TCP and syncache question

Wed Nov 19 12:01:11 PST 2008

On 17 Nov 2008, at 22:40, Andre Oppermann wrote:
> This is a bit more complicated because of interactions with  
> tcp_input()
> where syncache_expand() is called from.
>
> The old code (as of December 2002) behaved slightly different.  It  
> would
> not remove the syncache entry when (SND.UNA == SEG.ACK) but send a  
> RST.
> The (RCV.NXT =< SEG.SEQ+SEG.LEN-1 < RCV.NXT+RCV.WND) test wasn't  
> done at
> all.  Instead a socket was opened whenever (SND.UNA == SEG.ACK)  
> succeeded.
> This gave way to the "LAND" DoS attack which was mostly fixed with a  
> test
> for (RCV.IRS < SEG.SEQ).
>
> See the attached patch for fixed version of syncache_expand().  This  
> patch
> is untested though.  My development machine is currently down.   
> Harti, Rui
> and Bjoern, please have a look at the patch and review it.
>
> -- 
> Andre
>
> --- tcp_input.c.1.390	Mon Nov 17 21:33:25 2008
> +++ tcp_input.c.1.390.mod	Mon Nov 17 21:35:22 2008
> @@ -642,10 +642,13 @@ findpcb:
> 			if (!syncache_expand(&inc, &to, th, &so, m)) {
> 				/*
> 				 * No syncache entry or ACK was not
> -				 * for our SYN/ACK.  Send a RST.
> +				 * for our SYN/ACK.  Send a RST or
> +				 * an ACK for re-synchronization.
> 				 * NB: syncache did its own logging
> 				 * of the failure cause.
> 				 */
> +				if (so == 1)
> +					goto dropunlock;
> 				rstreason = BANDLIM_RST_OPENPORT;
> 				goto dropwithreset;
> 			}
> --- tcp_syncache.c.1.160	Mon Nov 17 16:49:01 2008
> +++ tcp_syncache.c.1.160.mod	Mon Nov 17 23:35:39 2008
> @@ -817,59 +817,47 @@ syncache_expand(struct in_conninfo *inc,
> 	INP_INFO_WLOCK_ASSERT(&V_tcbinfo);
> 	KASSERT((th->th_flags & (TH_RST|TH_ACK|TH_SYN)) == TH_ACK,
> 	    ("%s: can handle only ACK", __func__));
> +	*lsop = NULL;
>
> 	sc = syncache_lookup(inc, &sch);	/* returns locked sch */
> 	SCH_LOCK_ASSERT(sch);
> 	if (sc == NULL) {
> 		/*
> 		 * There is no syncache entry, so see if this ACK is
> -		 * a returning syncookie.  To do this, first:
> -		 *  A. See if this socket has had a syncache entry dropped in
> -		 *     the past.  We don't want to accept a bogus syncookie
> -		 *     if we've never received a SYN.

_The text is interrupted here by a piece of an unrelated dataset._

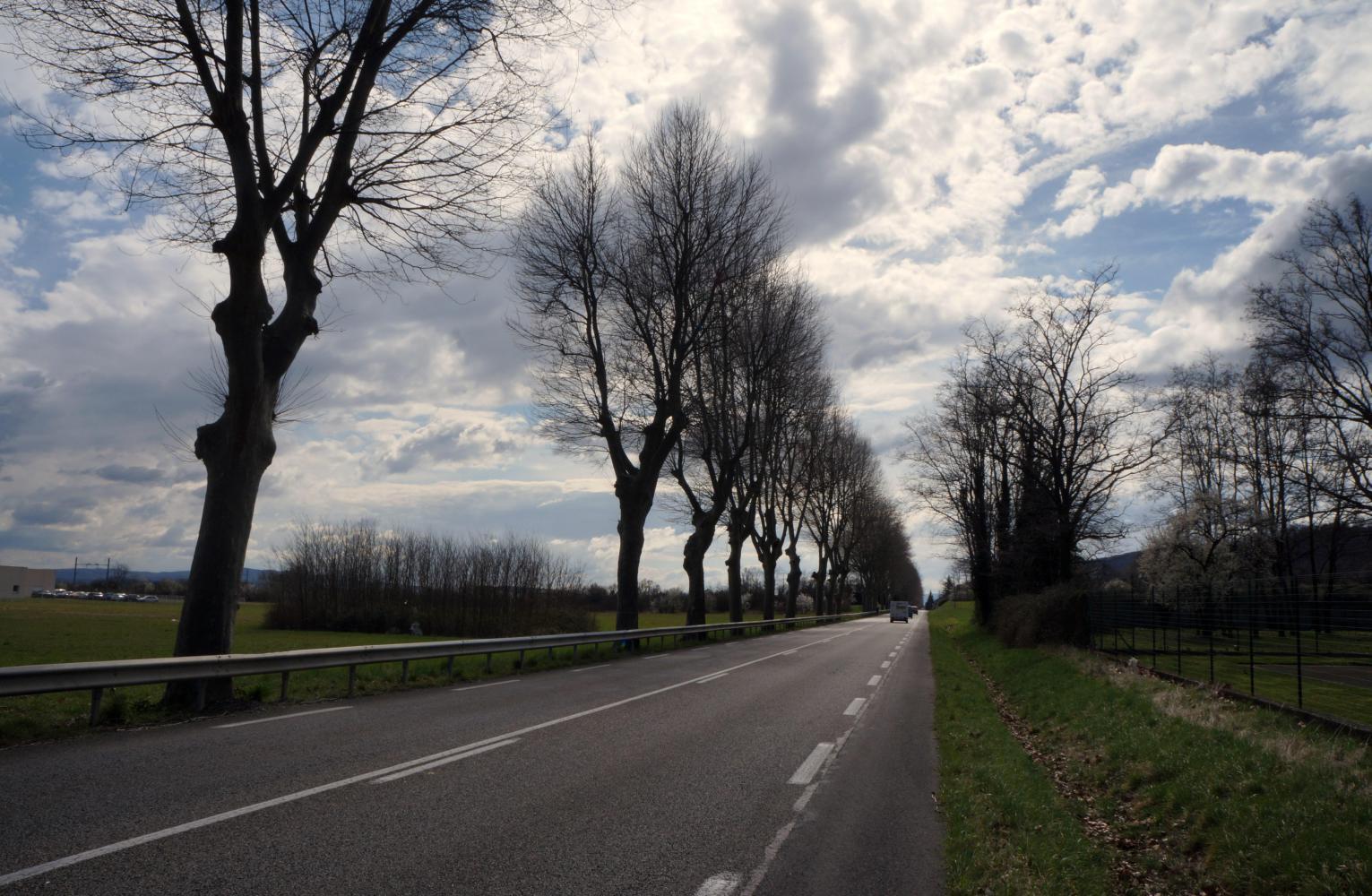 Onward the D86 looks to no longer be going the same way I'm going, and after checking the map, I decide to leave it. It continues onward south toward Nimes and I turn east, crossing the Rhone at Pont de Espirit, and follow D994 to Bygone, taking D8 to Carpentras therein. The rest of the day is on fairly heavily traffic road; straight and narrow through thick trunked avenues of beech trees.

> -		 *  B. check that the syncookie is valid.  If it is, then
> -		 *     cobble up a fake syncache entry, and return.
> +		 * a returning syncookie.  If the syncookie is valid,
> +		 * cobble up a fake syncache entry and create a socket.
> +		 *
> +		 * NB: Syncache head is locked for the syncookie access.
> 		 */
> 		if (!tcp_syncookies) {
> -			SCH_UNLOCK(sch);
> 			if ((s = tcp_log_addrs(inc, th, NULL, NULL)))
> 				log(LOG_DEBUG, "%s; %s: Spurious ACK, "

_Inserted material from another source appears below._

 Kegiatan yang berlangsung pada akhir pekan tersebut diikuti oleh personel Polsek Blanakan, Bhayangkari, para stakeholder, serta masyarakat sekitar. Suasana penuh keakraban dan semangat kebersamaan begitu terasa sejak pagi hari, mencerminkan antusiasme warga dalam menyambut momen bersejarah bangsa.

> 				    "segment rejected (syncookies disabled)\n",
> 				    s, __func__);
> -			goto failed;
> +			goto sendrst;
> 		}
> 		bzero(&scs, sizeof(scs));
> 		sc = syncookie_lookup(inc, sch, &scs, to, th, *lsop);
> -		SCH_UNLOCK(sch);
> 		if (sc == NULL) {
> 			if ((s = tcp_log_addrs(inc, th, NULL, NULL)))
> 				log(LOG_DEBUG, "%s; %s: Segment failed "

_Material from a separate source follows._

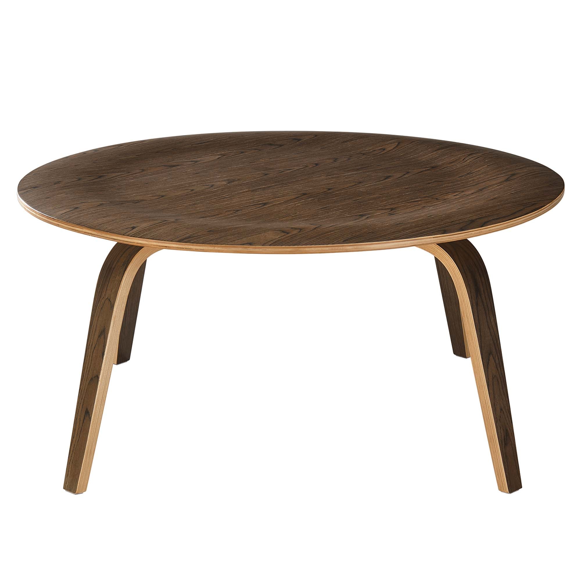 Indulge in the seamless fusion of craftsmanship and utility with the Fathom Coffee Table. Crafted from durable plywood, this mid-century coffee table exhibits graceful modern curves that represent a fusion of functional design and aesthetic allure, all meticulously finished with a stylish wood grain veneer. Fitted with fabric foot pads that are anti-skid, the Fathom round coffee table not only ensures stability but also safeguards your floors with care. With its organic shape, this simplistic coffee table is supported by durable, splayed legs for a firm and robust build. Ready to complement any space including the living room, lounge area, or office reception space, the Fathom Wood Coffee Table is poised to deliver a blend of convenience and mid-century modern style. Assembly required. Weight Capacity: 330 lbs

> 				    "SYNCOOKIE authentication, segment rejected "
> 				    "(probably spoofed)\n", s, __func__);
> -			goto failed;
> +			goto sendrst;
> 		}
> -	} else {
> -		/* Pull out the entry to unlock the bucket row. */
> -		TAILQ_REMOVE(&sch->sch_bucket, sc, sc_hash);
> -		sch->sch_length--;
> -		V_tcp_syncache.cache_count--;
> -		SCH_UNLOCK(sch);
> +		goto expand;		/* fully validated through syncookie */
> 	}
> +	SCH_LOCK_ASSERT(sch);

Why do you need this assert?

>
>
> 	/*
> 	 * Segment validation:
> -	 * ACK must match our initial sequence number + 1 (the SYN|ACK).
> -	 */
> -	if (th->th_ack != sc->sc_iss + 1 && !TOEPCB_ISSET(sc)) {
> -		if ((s = tcp_log_addrs(inc, th, NULL, NULL)))
> -			log(LOG_DEBUG, "%s; %s: ACK %u != ISS+1 %u, segment "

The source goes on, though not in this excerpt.